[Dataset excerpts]
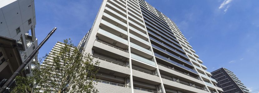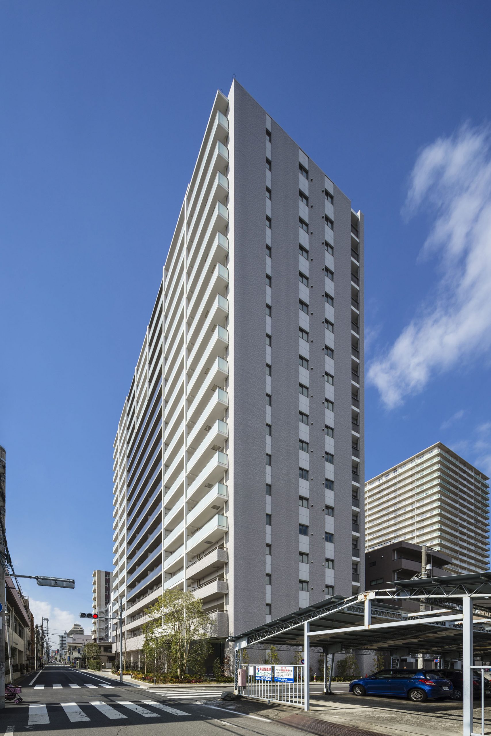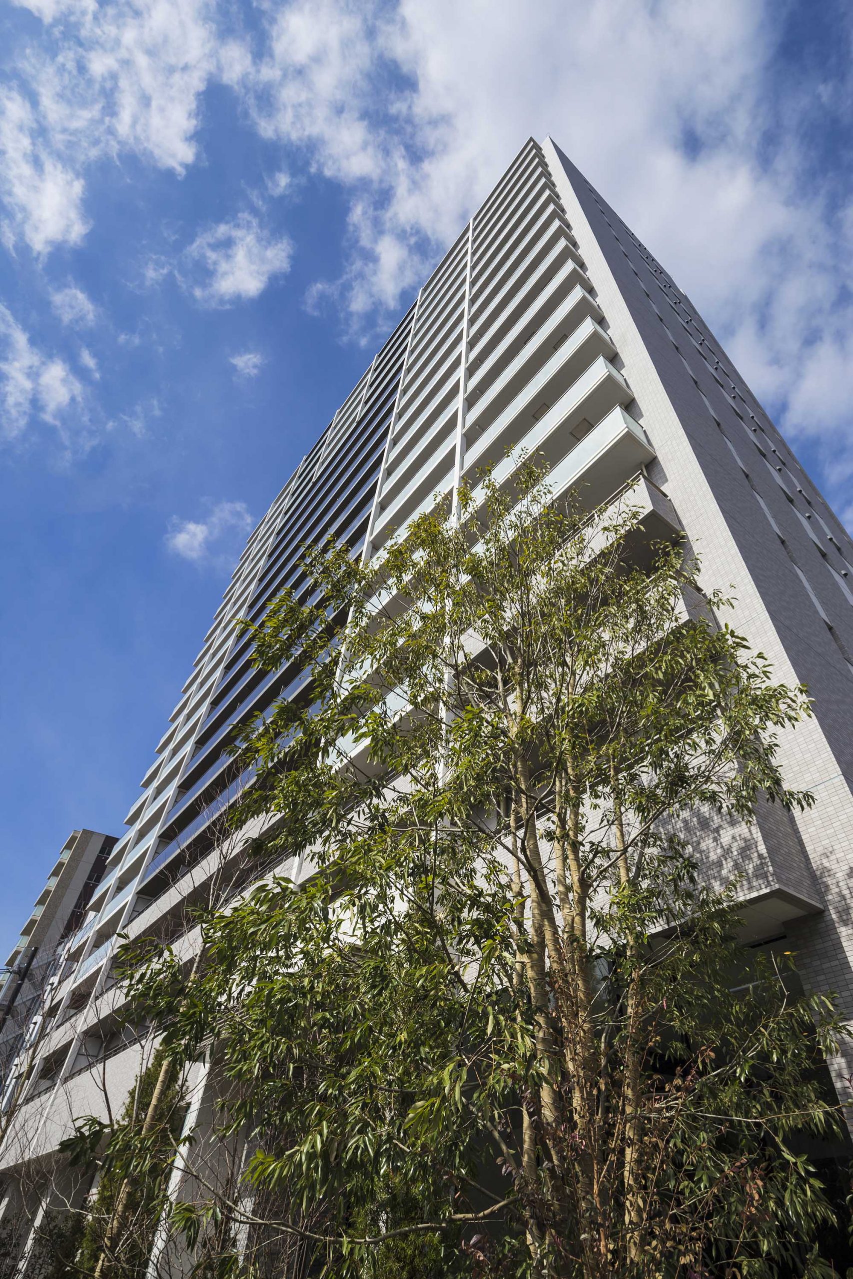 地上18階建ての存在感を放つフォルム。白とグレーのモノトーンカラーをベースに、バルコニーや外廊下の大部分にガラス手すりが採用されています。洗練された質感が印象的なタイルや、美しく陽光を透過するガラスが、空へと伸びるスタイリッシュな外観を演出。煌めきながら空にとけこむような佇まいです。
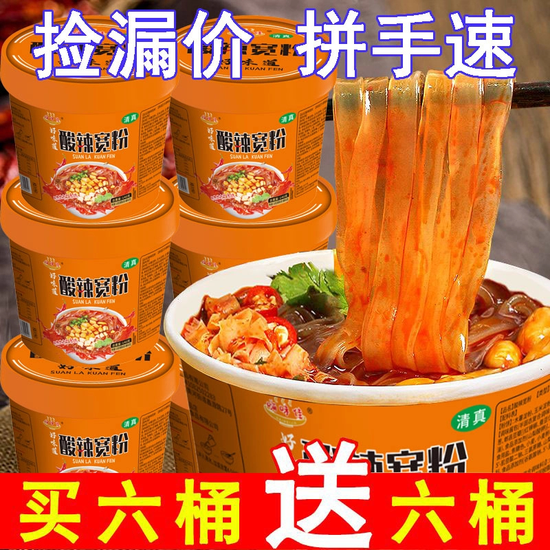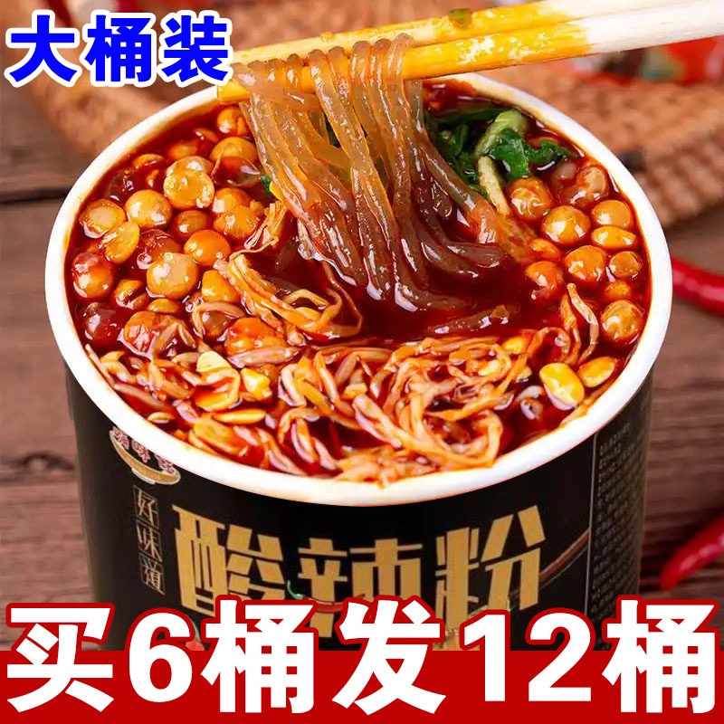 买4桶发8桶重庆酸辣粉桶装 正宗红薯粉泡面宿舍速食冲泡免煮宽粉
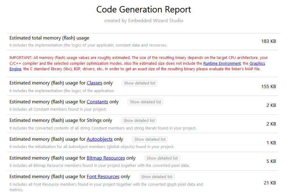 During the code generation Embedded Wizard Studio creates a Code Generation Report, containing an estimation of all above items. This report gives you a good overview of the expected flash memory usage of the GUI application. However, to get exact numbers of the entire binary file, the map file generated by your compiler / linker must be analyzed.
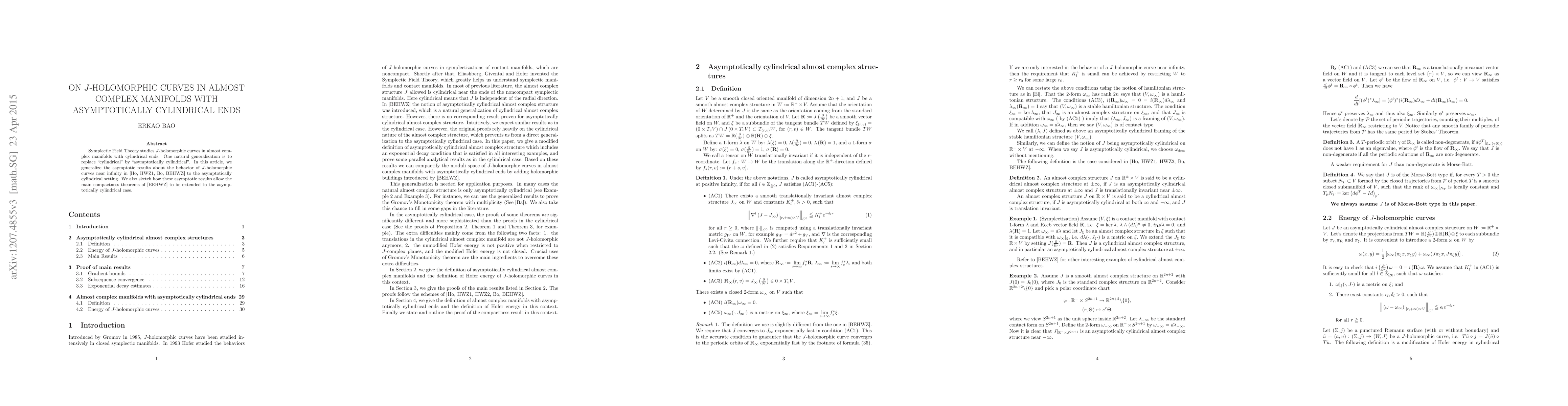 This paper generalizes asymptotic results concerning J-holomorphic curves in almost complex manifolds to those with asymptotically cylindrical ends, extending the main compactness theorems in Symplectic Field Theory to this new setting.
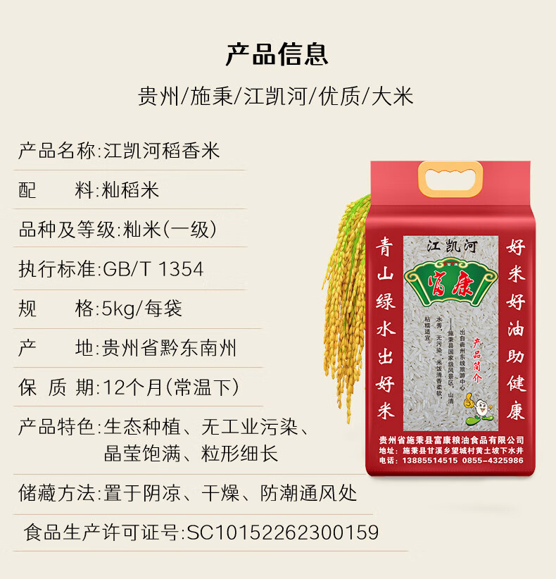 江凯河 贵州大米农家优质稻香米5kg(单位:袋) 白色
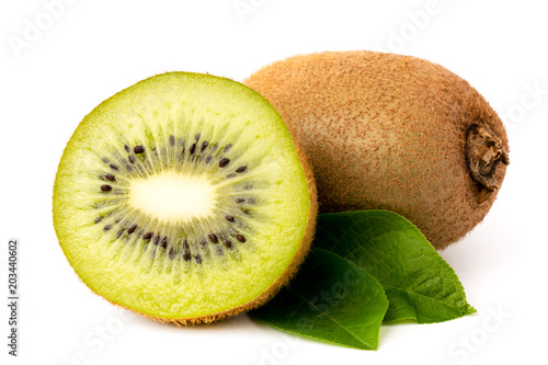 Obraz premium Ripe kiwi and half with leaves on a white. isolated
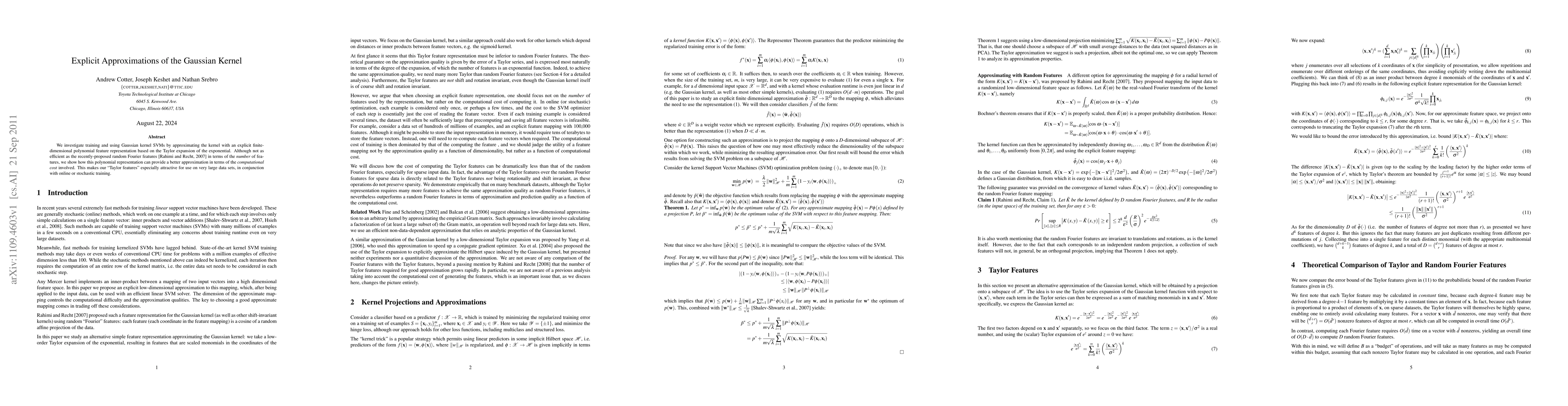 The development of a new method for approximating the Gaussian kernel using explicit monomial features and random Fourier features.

### WORK INSTRUCTION
Return nothing except the lines from the one containing "This paper generalizes" through the final line of the data, copied exactly. Leave out all pictures.

### SOLUTION TO THE PROBLEM
 This paper generalizes asymptotic results concerning J-holomorphic curves in almost complex manifolds to those with asymptotically cylindrical ends, extending the main compactness theorems in Symplectic Field Theory to this new setting.
 江凯河 贵州大米农家优质稻香米5kg(单位:袋) 白色
 Obraz premium Ripe kiwi and half with leaves on a white. isolated
 The development of a new method for approximating the Gaussian kernel using explicit monomial features and random Fourier features.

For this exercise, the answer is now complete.